The Line's Naughty List: Education is essential. We don't treat it that way
The status quo does not sound like a system in good working order, and it definitely isn't of the view that “strikes are a last resort.”
We at The Line are, we admit, often a bit on the grumpy side. But there are wonderful, happy stories worth celebrating, and in the final week before Christmas, we celebrated a half-dozen of them here. Now, though, it’s time to get back to doing what we do best: pointing out all the bad things that we really ought to be fixing!
Today: Mitch Heimpel on why our rhetoric on the importance of education is obviously out of alignment with our actual record of putting kids first.
By: Mitch Heimpel
The best collective agreements are always settled in negotiations. In the private sector, both employers and unions view lockouts, strikes and other actions as bargaining failures. They are to be avoided. They are a last resort.
The reason is competition. Prolonged work stoppages endanger jobs as competitors step up to do work, and fulfill contracts that otherwise might have gone to — or stayed with — the company experiencing the stoppage. The best strikes are the ones that are never threatened, because the market enforces a kind of competitive discipline.
I'm a union guy because I've seen employees abused by unscrupulous employment practices. "Temporary" placements in certain workplaces that were supposed to last weeks stretched into months and years as companies forced employees at the very bottom of the wage ladder into a kind of Hunger Games to get the one permanent contract that might come available every quarter. It's brutal.
I'm a union guy because I very much remember what it was like to make $11.40 an hour, and have to wait on an email, or a call, or a tap on the shoulder from the temp agency supervisor in my workplace that informed me that I was coming back the next week. I want every worker's time to be valued, and will never begrudge a unionized worker for a single benefit, wage bump or pension increase for which they have freely bargained because I vividly remember wishing I had a union.
Now, that having been said, let's talk about labour negotiations in the education system.
They're busted. This needs to be fixed. And making education an essential service might be the only way to do that. But no one wants to do that.
Since 1997, by right, students in Ontario have had a right to an education in the school section, zone, or district in which they are a resident. That right is fundamentally why labour negotiations in the education system are, and have to be, different from other collective bargaining situations. In the private sector, nobody has a right to your product. And, if you violate a binding contract, the other party can take legal action.
But our kids don't have that option.
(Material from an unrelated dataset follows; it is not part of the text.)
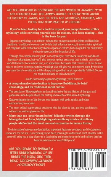 Are you interested in discovering the rich world of Japanese myth and folklore? Have you always wanted to know more about the history of Japan, and the gods and goddesses, creatures, and myths that form part of its culture? If you've been looking for a book to expand your comprehension of this mythology while enriching yourself with its wisdom, then keep reading... this is the book for you! Japanese mythology is an affluent culture that encapsulates the Shinto and Buddhist traditions. In addition to some core beliefs that influence society, it also contains spiritual and religious folklore that not only shapes Japanese culture, but also guides the community on how to approach the dynamics of life. Through this comprehensive guide, not only will you travel back to ancient worlds and legendary characters, but you'll also uncover various creatures that encircle this unique world filled with stories about love, and sometimes betrayals, that remind us of our human nature, and even some extraordinary endings that will give you some more hope. By the time you come back to reality, you will be deeply intrigued but, most importantly, fulfilled. So, are you ready to embark on this adventure? Inside Uncovering Japanese Mythology, you'll discover:A comprehensive introduction to Japanese Buddhism, its brief chronology, and its traditional social culture The creation of Takamagahara, and an all-inclusive list and history of the gods and goddesses who helped shape the history and reality of this sacred mythology Empowering stories of the heroes who interact with gods, spirits, and other extraordinary creatures The most important supernatural creatures who live close to you, and who you interact with across various phases of life More than ten 'never heard before' folktales written through the Monogatari art form, highlighting extraordinary stories of ordinary people who've had the most unusual encounters in human history The interaction between modernization, important Japanese concepts, and the Japanese reverence for the sun, is everything you've been yearning to understand. Each chapter in this book will bring you a step closer to a fascinating and mysterious world and culture that has been in existence for over 2,000 years! Are you ready to embrace a better understanding of life under the rising sun? Then read Uncovering Japanese Mythology now!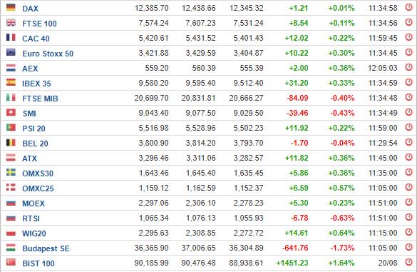 Ο DAX στη Φρανκφούρτη ενισχύθηκε κατά 0,01% στις 12.385,70 μονάδες, ο FTSE 100 στο Λονδίνο σημείωσε άνοδο 0,11% στις 7.574,24 μονάδες, ενώ ο CAC 40 στο Παρίσι έκλεισε κατά 0,22% υψηλότερα στις 5.420,61 μονάδες.

It's impractical to imagine a group of 10-year-olds hiring counsel to bring a suit and demand the province enforce a right that it granted them under the law. Also, imagine being a parent in the Rainbow District School Board around Sudbury with two kids, of different ages, that have been in full-day schooling since at least 2011. It's entirely possible they have known labour disruptions in 2012, 2015, 2020 and now this year. That's all before we talk about the disruptions caused by COVID. Now, Rainbow is just one example. Other boards have known similar levels of disruption, but not all of them. Nevertheless, this does not sound like a system in good working order, and it definitely isn't of the view that “strikes are a last resort.”
We know that education disruption and learning loss has a long-term effect on kids. Ontario's COVID-19 science table published a paper that clearly demonstrated how the pandemic affected the learning trajectory of students. There are a number of American studies that already document the economic impact of the misalignment between the end of the work day and the end of the school day, to say nothing of the overall misalignment between the calendar for most workers, and the length of the school year.
I don't think anyone is willing to argue that students don't have a right to an education. Workers, also, have the right to fair wages, good working conditions and benefits that reflect their time, training and commitment. We have to be able to do all those things. The problem is, in Ontario, this is an obvious failure. We can’t just state our ideal version of reality: we’ll avoid strikes! We actually have to look at the historical record. We aren’t avoiding strikes.
Governments are typically loathe to hand out the essential service designation to workers because it sends disputes, especially over wages, to arbitration which they believe results in increases to wages and benefits. Often what this actually is, is the government attempting to maintain some leverage in wage and benefit conversations, so that they can exchange increases for changes to working conditions.
But a number of unions that are subjected to the interest arbitration system actually fight to maintain it in its current form. Clearly, there exists a belief in some corners that it is an appropriate system for defending the collective rights of workers, while ensuring the continuity of service for a public that relies on it.
Pay might go up at a very slightly faster rate. But the idea that we're suddenly going to start seeing massive wage increases awarded in arbitration is probably more political talking point than reality. That slight premium we end up paying in arbitration is essentially the cost of keeping kids in class.
When we decided kids had a right to an education, we put a value on them being in classrooms. There has to be a value, and perhaps a cost, to keeping them there. The education system is an essential service. We aren’t treating it like one. And that has to change.
Mitch Heimpel has served Conservative cabinet ministers and party leaders at the provincial and federal levels, and is currently the director of campaigns and government relations at Enterprise Canada.